Ayrıca dükkânlar, oteller, ev ve ofisler de saldırıya uğramış. Kahire’de, Feyyum’da ve Asyut’ta “Bible Society’ler yakılmış.
Listeyi hazırlayanlar Müslüman Kardeşler’in bunlardan sorumlu olduğunu açıkça yazmışlar. “Bu liste başka basın ajansları tarafından da doğrulandı” diye bir not var.
Mısır’da Müslüman Kardeşler’den tanıdıklarım vardır. Bazıları için, “Böyle bir şeyi asla yapmazlar. Nefretle kınarlar,” diyebilirim. Bazı başkaları için “yaparlar” diyemem ama birileri yaptığında fazla rahatsız olmayacaklarını düşünürüm. “Onları da anlamalısınız” edebiyatı yaparlar hani var ya...
Ama sokaktaki adama bunları kolayca yaptırırsınız. “İslâm” adına hem de.
Bu olaylar kısmen bizde de duyuldu, medyada Hıristiyan kurumlarına saldırı haberleri çıktı. Tabii hep olduğu gibi aynı anda Başbakan Erdoğan sahnede göründü ve Mısır’da olanlar konusunda bizi aydınlatmayı görev bildi. Nasıl aydınlattı? Bütün bu sabotajları Mursi’yi Başkanlık’tan indirilenlerin tezgâhlandığını söyleyerek.
Başbakan’ın açıklamasının doğru olmasını dilerim. Bunun bir provokasyon olması, Müslüman kitlelerin kilise yağmalaması şıkkına göre, çok daha kolay tercih edilecek bir şey.
Ama, doğrusu çok akla yakın gelmiyor.
Bunca farklı yerde, halk desteği olmadan mı yaptılar bu işleri? 58 kurum gerekiyor muydu, Batı kamuoyunu seferber etmek için?
Halk katılmışsa, başlatan provokatör mü, değil mi, o kadar önemli değil. Önemli olan, biri “Haydi” dediğinde ortaya atılmaya hazır kitleler bulunması. Böylece varılacak felâketlerin sonu yok.
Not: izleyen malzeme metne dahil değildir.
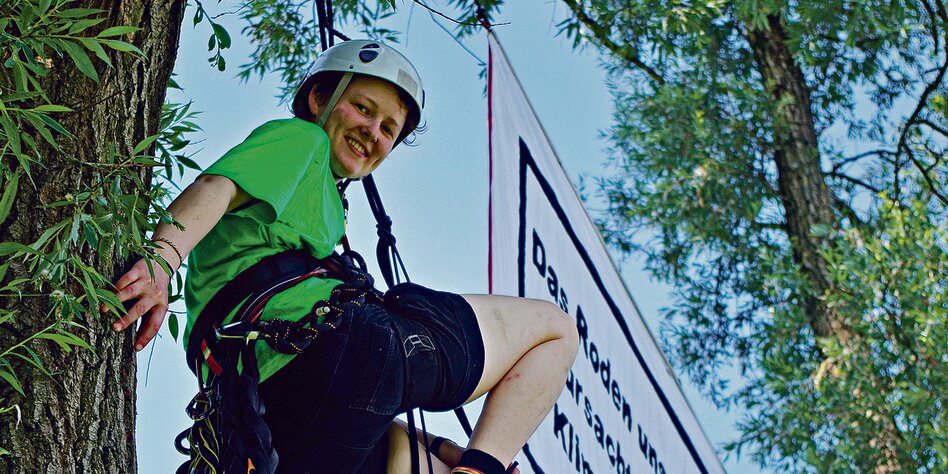 (IMG) Bild: Baumfreundliche Kletteraktion der Bürgerinitiative Waldschutz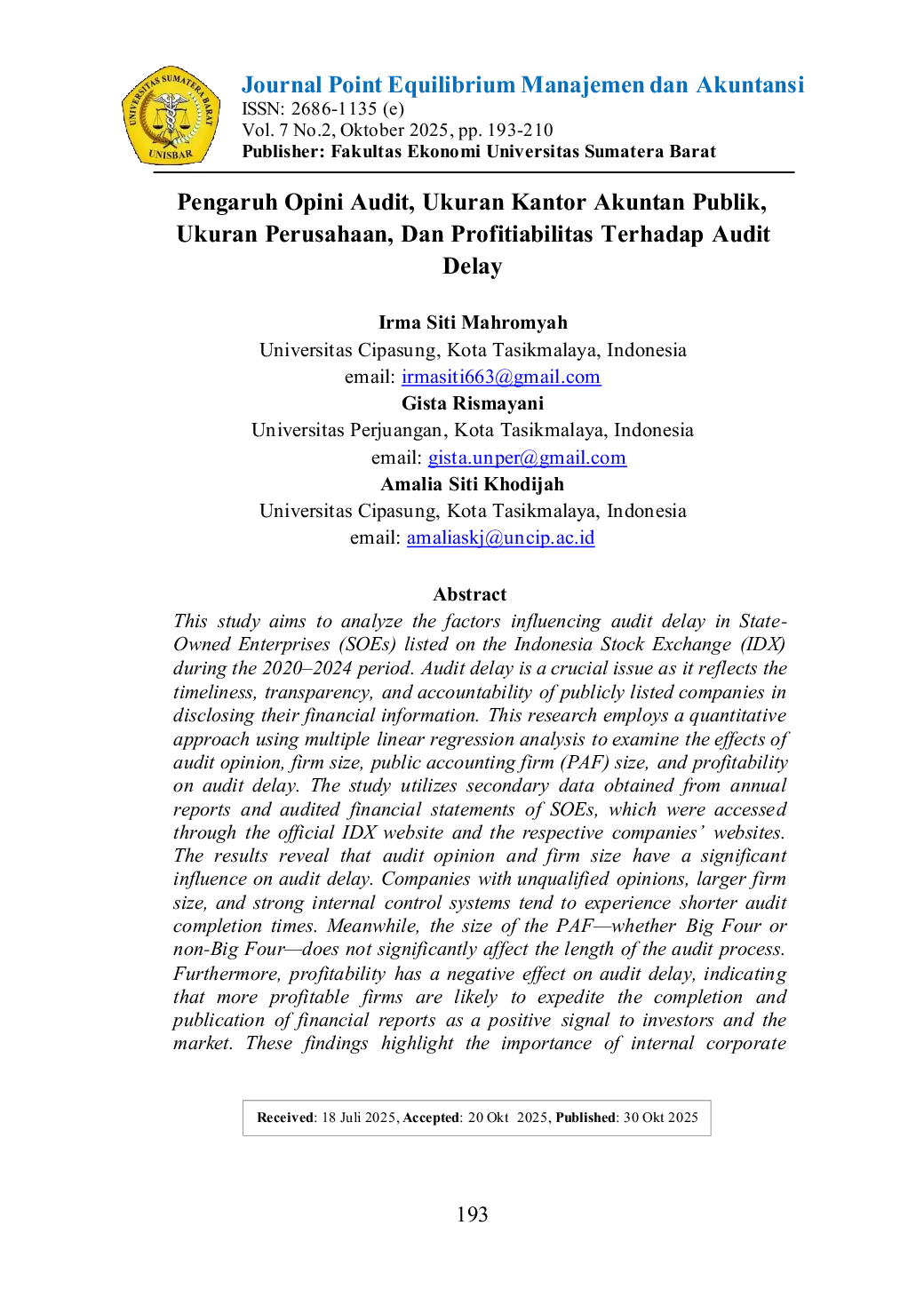 One moment, please...One moment, please...Penelitian ini bertujuan untuk menganalisis faktor-faktor yang memengaruhi audit delay pada perusahaan Badan Usaha Milik Negara (BUMN) yang terdaftar di Bursa Efek Indonesia (BEI) selama periode 2020–2024. Audit delay menjadi isu penting karena berkaitan dengan ketepatan waktu penyampaian laporan keuangan yang mencerminkan tingkat transparansi dan akuntabilitas perusahaan publik. Penelitian ini menggunakan pendekatan kuantitatif dengan metode analisis regresi linier berganda untuk menguji pengaruh opini audit, ukuran perusahaan, ukuran Kantor Akuntan Publik (KAP), dan profitabilitas terhadap audit delay. Hasil penelitian menunjukkan bahwa opini audit dan ukuran perusahaan berpengaruh signifikan terhadap audit delay. Perusahaan dengan opini wajar tanpa pengecualian (WTP), ukuran besar, serta sistem pengendalian internal yang kuat cenderung memiliki waktu penyelesaian audit yang lebih singkat. Sementara itu, ukuran KAP, baik Big Four maupun non-Big Four, tidak menunjukkan perbedaan yang signifikan dalam memengaruhi lamanya proses audit. Selain itu, profitabilitas berpengaruh negatif terhadap audit delay, di mana perusahaan dengan profitabilitas tinggi cenderung mempercepat penerbitan laporan keuangan sebagai bentuk sinyal positif kepada investor dan publik. Temuan ini memperkuat pentingnya faktor internal perusahaan dalam mempercepat proses audit dan meningkatkan transparansi laporan keuangan di lingkungan BUMN.

“Kilise yakıldı” der demez başka bir hikâyeyle karşımıza çıkan Başbakan olayın buralarını da düşündü mü? Onun istihbarat kaynağı ne? Mısır’daki bunca Hıristiyan kurum, yanılıp, “Müslüman Kardeşler yaptı” derken, Tayyip Erdoğan’ın yanılmadığının ve yanılmayacağının garantisi nedir?